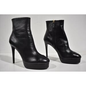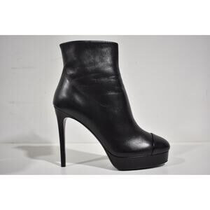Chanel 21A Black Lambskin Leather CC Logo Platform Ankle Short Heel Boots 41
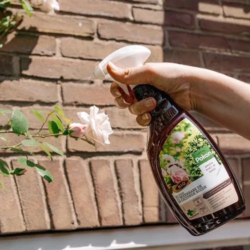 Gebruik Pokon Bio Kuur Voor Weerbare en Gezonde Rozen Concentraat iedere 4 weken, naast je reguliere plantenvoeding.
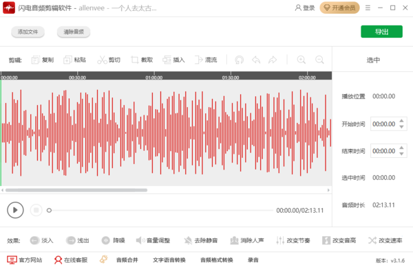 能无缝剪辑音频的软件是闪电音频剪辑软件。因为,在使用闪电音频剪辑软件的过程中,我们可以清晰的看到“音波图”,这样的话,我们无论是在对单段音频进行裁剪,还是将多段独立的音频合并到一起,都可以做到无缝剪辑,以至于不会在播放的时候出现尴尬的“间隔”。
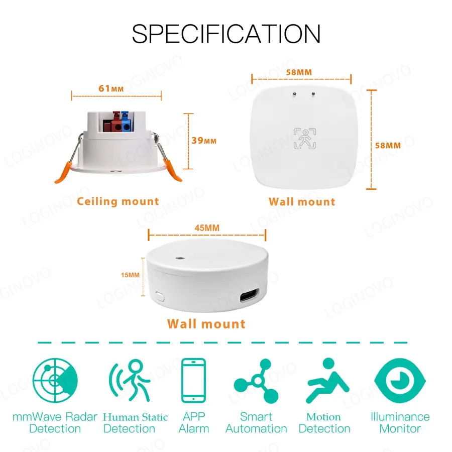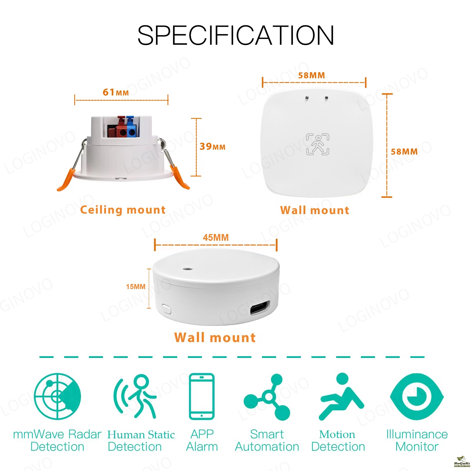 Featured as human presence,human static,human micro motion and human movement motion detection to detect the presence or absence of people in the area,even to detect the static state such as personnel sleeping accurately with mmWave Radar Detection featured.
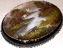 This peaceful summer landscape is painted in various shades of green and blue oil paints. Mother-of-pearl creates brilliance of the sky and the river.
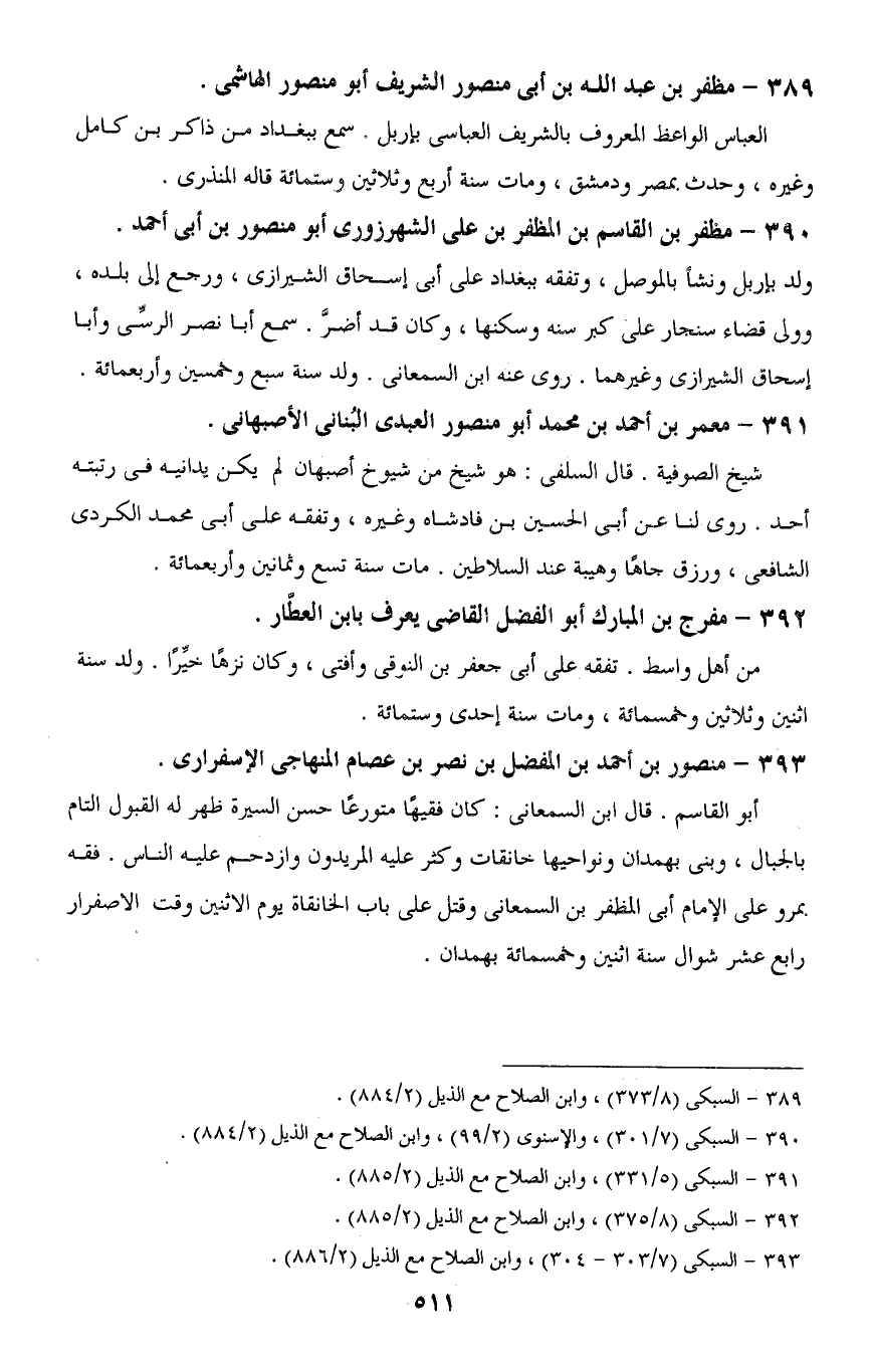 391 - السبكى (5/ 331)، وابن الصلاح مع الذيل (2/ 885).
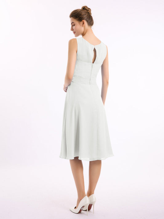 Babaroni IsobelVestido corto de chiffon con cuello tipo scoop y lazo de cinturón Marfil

........

= YOUR INSTRUCTIONS =
Minus its pictures, the full listing should be copied verbatim.

= RESULT OF THE EXERCISE =
Chanel 21A Black Lambskin Leather CC Logo Platform Ankle Short Heel Boots 41
 Gebruik Pokon Bio Kuur Voor Weerbare en Gezonde Rozen Concentraat iedere 4 weken, naast je reguliere plantenvoeding.
 能无缝剪辑音频的软件是闪电音频剪辑软件。因为,在使用闪电音频剪辑软件的过程中,我们可以清晰的看到“音波图”,这样的话,我们无论是在对单段音频进行裁剪,还是将多段独立的音频合并到一起,都可以做到无缝剪辑,以至于不会在播放的时候出现尴尬的“间隔”。
 Featured as human presence,human static,human micro motion and human movement motion detection to detect the presence or absence of people in the area,even to detect the static state such as personnel sleeping accurately with mmWave Radar Detection featured.
 This peaceful summer landscape is painted in various shades of green and blue oil paints. Mother-of-pearl creates brilliance of the sky and the river.
 391 - السبكى (5/ 331)، وابن الصلاح مع الذيل (2/ 885).
 Babaroni IsobelVestido corto de chiffon con cuello tipo scoop y lazo de cinturón Marfil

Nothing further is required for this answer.